I had not been a little lady in a long time though.
I just worked three or four nights a week anyway, since I had to be home by 9 pm on school nights and 10 o'clock on weekends. But Deke didn't mind, he said that was a advantage due to the fact that he could in fact charge more, particularly if the man I was choosing picked me up at school. That privilege turned out to be worth a couple of hundred dollars additional, although I didn't truly like it. I was constantly afraid someone would see me getting into a weird car, a various strange car each time, and wonder what was going on.
Method too much for a ninth grader to invest, even after Deke took his cut. Picking me up at school was worth an extra 200, which I believed was ludicrous, but you 'd be stunned how many people wanted exactly that. Like it proved beyond a doubt that they were getting the real deal, an minor whore to draw and fuck . These were all older guys too, like my father's age, or more often even older, in their 40's and 50's mainly. They had a lot of money to invest and it was the tips that actually flushed my savings account. Deke offered me 30% and kept 70% for himself. He stated that was generous since he was my manager, my representative, my security guy, my marketing and transportation all rolled into one. He purchased my clothes and the stuff I need to work, like prophylactics and lube and junk like that. He did all the work if you listened to him tell it, and all I did was lay there and get rich. It was more like acting than anything else because I had to really like these guys for an hour or 2. I had to act more youthful in some cases too, as a little woman possibly eleven or twelve years old; but never ever older. I liked acting though and I believe I had a genuine skill for it.

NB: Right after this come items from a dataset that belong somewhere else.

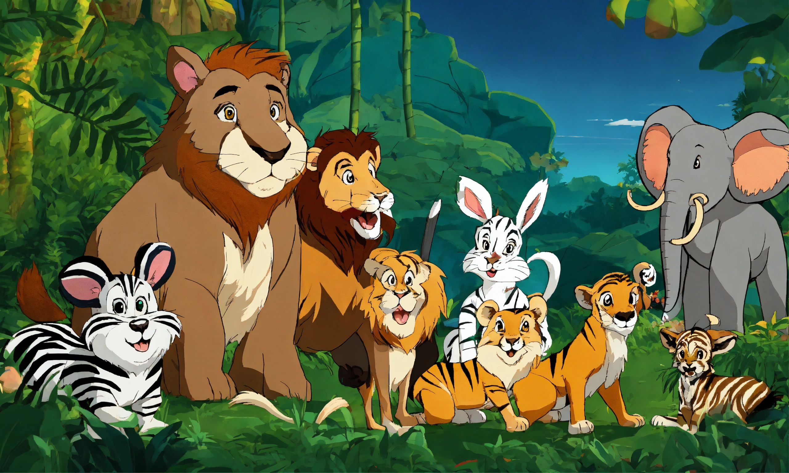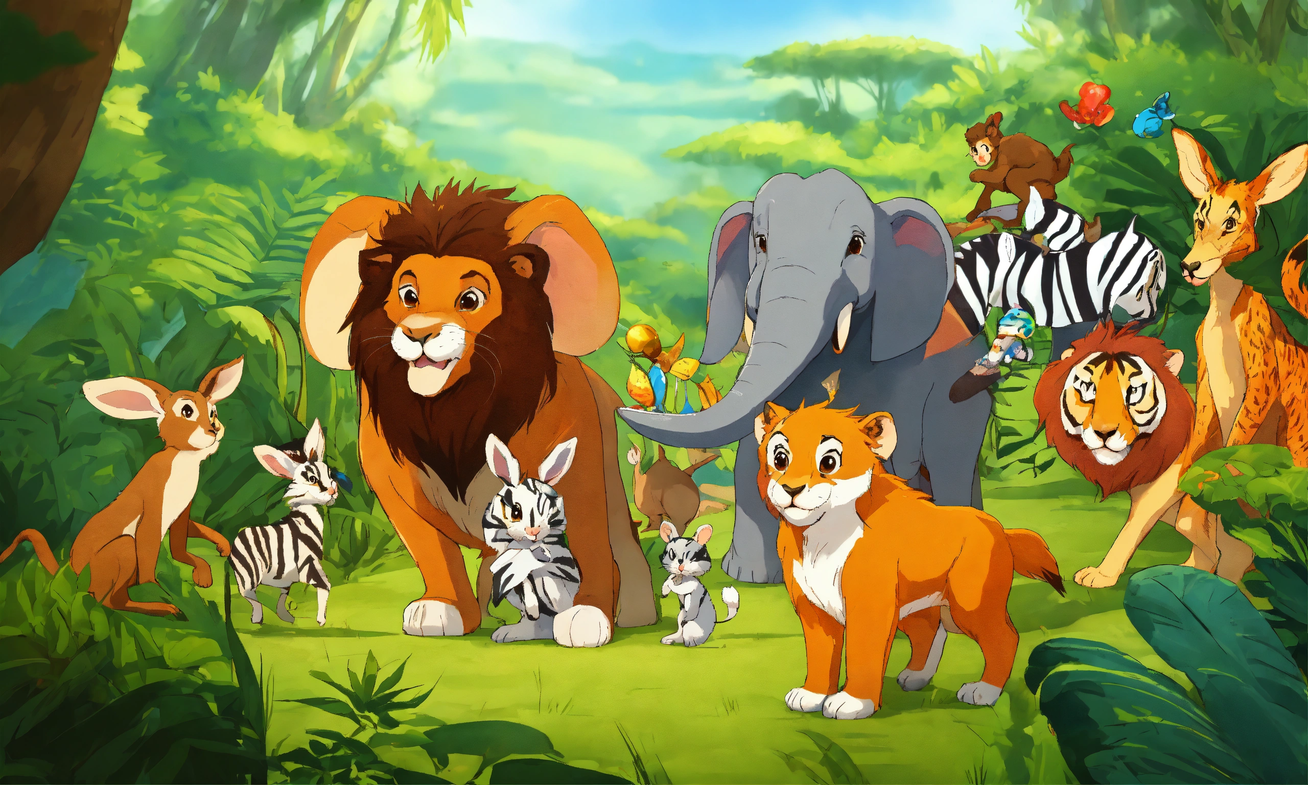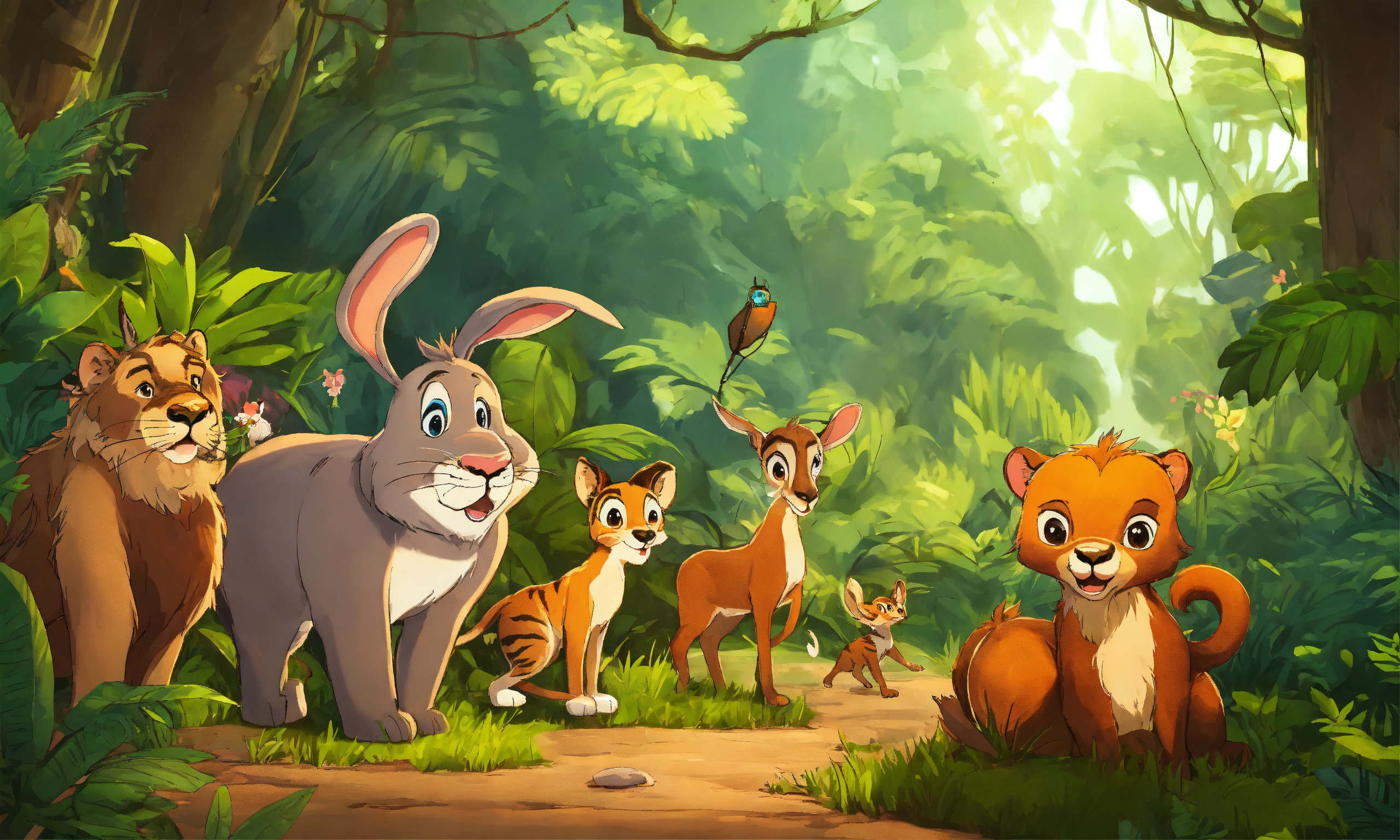 Cartoon rabbit is showing its presence in front of other jungle animals elephant wolf deer lion monkeys zebra bear for being faster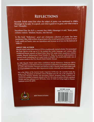 Discover Reflections, an inspiring collection of thought-provoking and heartwarming poetry compiled by Saara Bint-Muhammad. This book, authored by the esteemed Shaykh Mufti Saiful Islām, offers readers a profound journey into spirituality, wisdom, and devotion. Rooted in timeless Islamic teachings, each poem serves as a reminder to uplift our hearts, nurture our faith, and deepen our connection with Allah.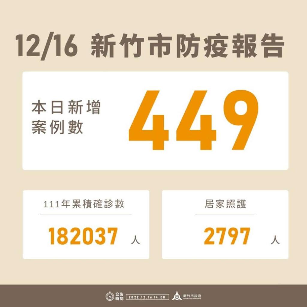 新竹市今(16)日新增449例確診個案,今(111)年以來累積182,037例,居家照護者為2,797人。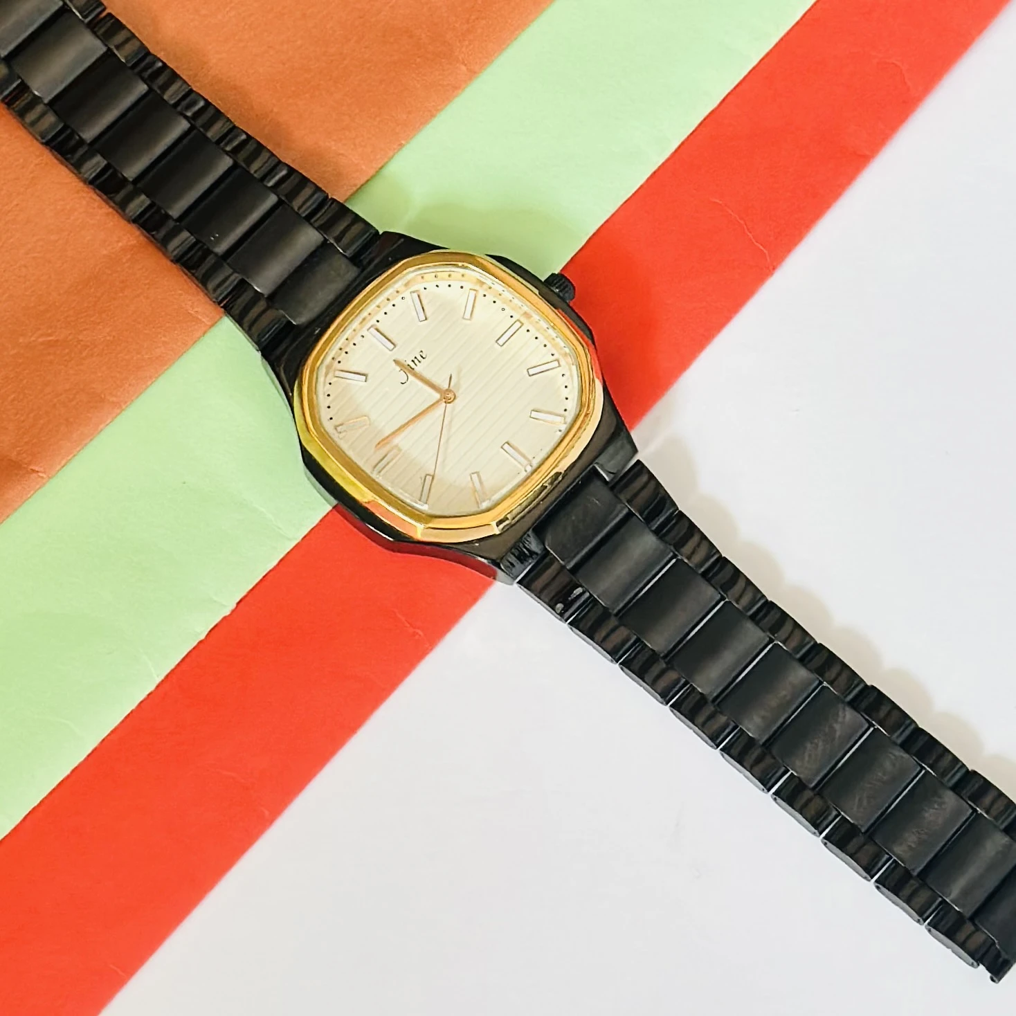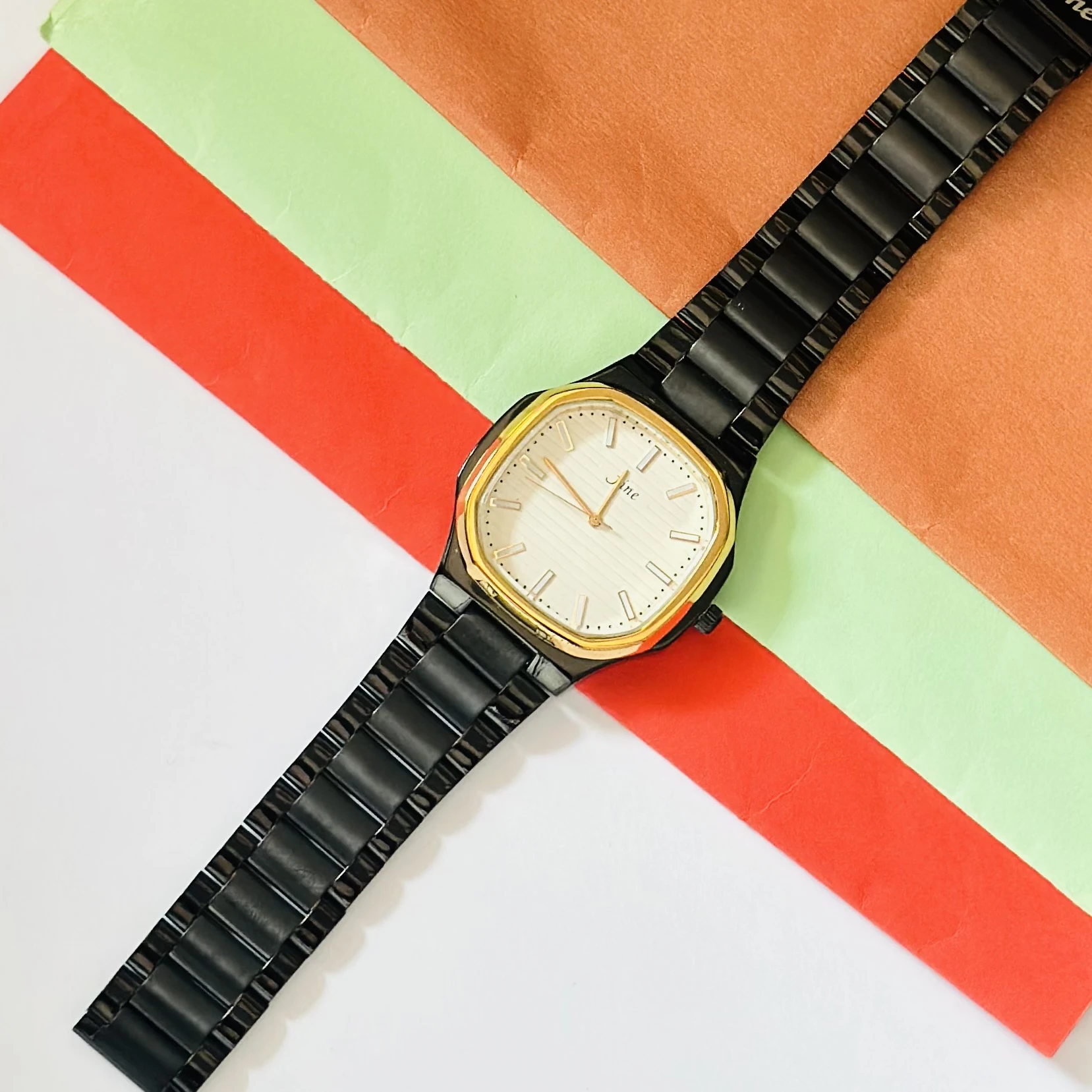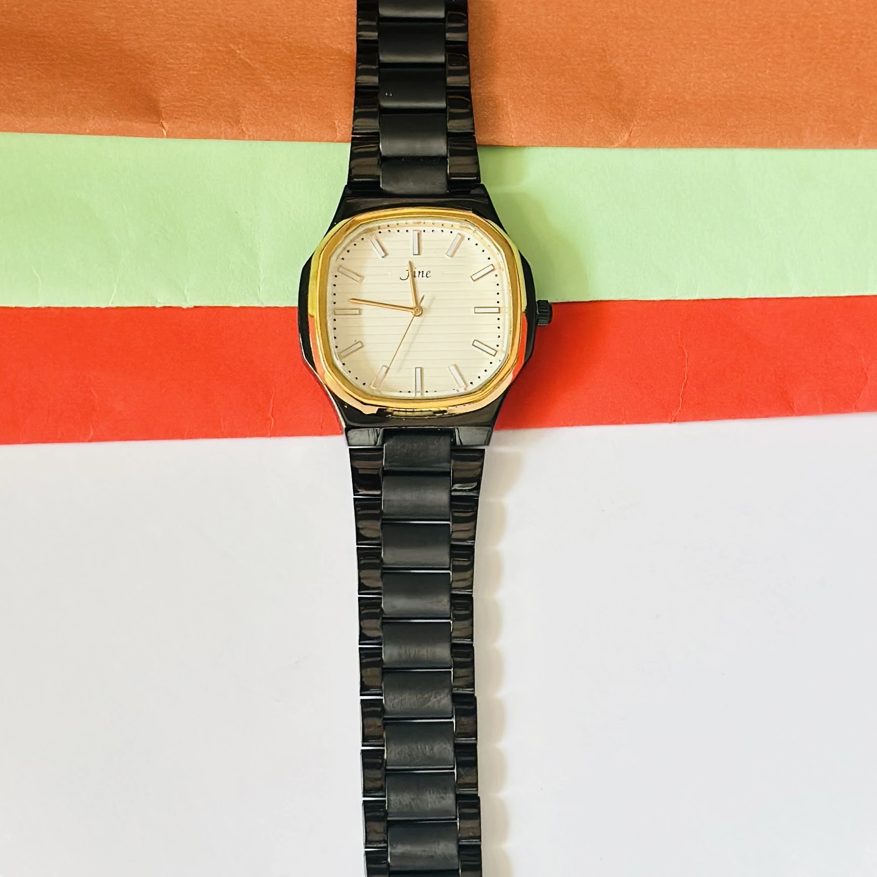 👉 Theme :- analog black metal strap watch with a white dial and gold-tone accents.

Mary Magdalene had been a slut. That's where I took my comfort and she 'd become my tutelary saint. I 'd felt really guilty at first, however that had actually disappeared when I understood I wasn't hurting anyone. The men enjoyed me for a bit, although a few of them enjoyed me for real and asked me if I 'd marry them, or a minimum of return to their cities and cope with them. However they were in love with who I pretended to be for that short time we were together, that's all, and while part of me felt lonesome due to the fact that I understood it wasn't truly me they liked, mainly I felt a little more secure that way. Like a man who liked me would not hurt me, you understand? I 'd had sex with like fifty men or something, many of them desiring me to call them Daddy while we did it. Some of them desired to call me by a different name, their child's name, or a niece or the little woman next door maybe.
I might close my eyes and envision the guy who was making love to me really was my dad. I might talk to him, tell him I liked him, how he made me feel grown-up and unique and liked. I was falling in love, in developed love, and I could not assist it.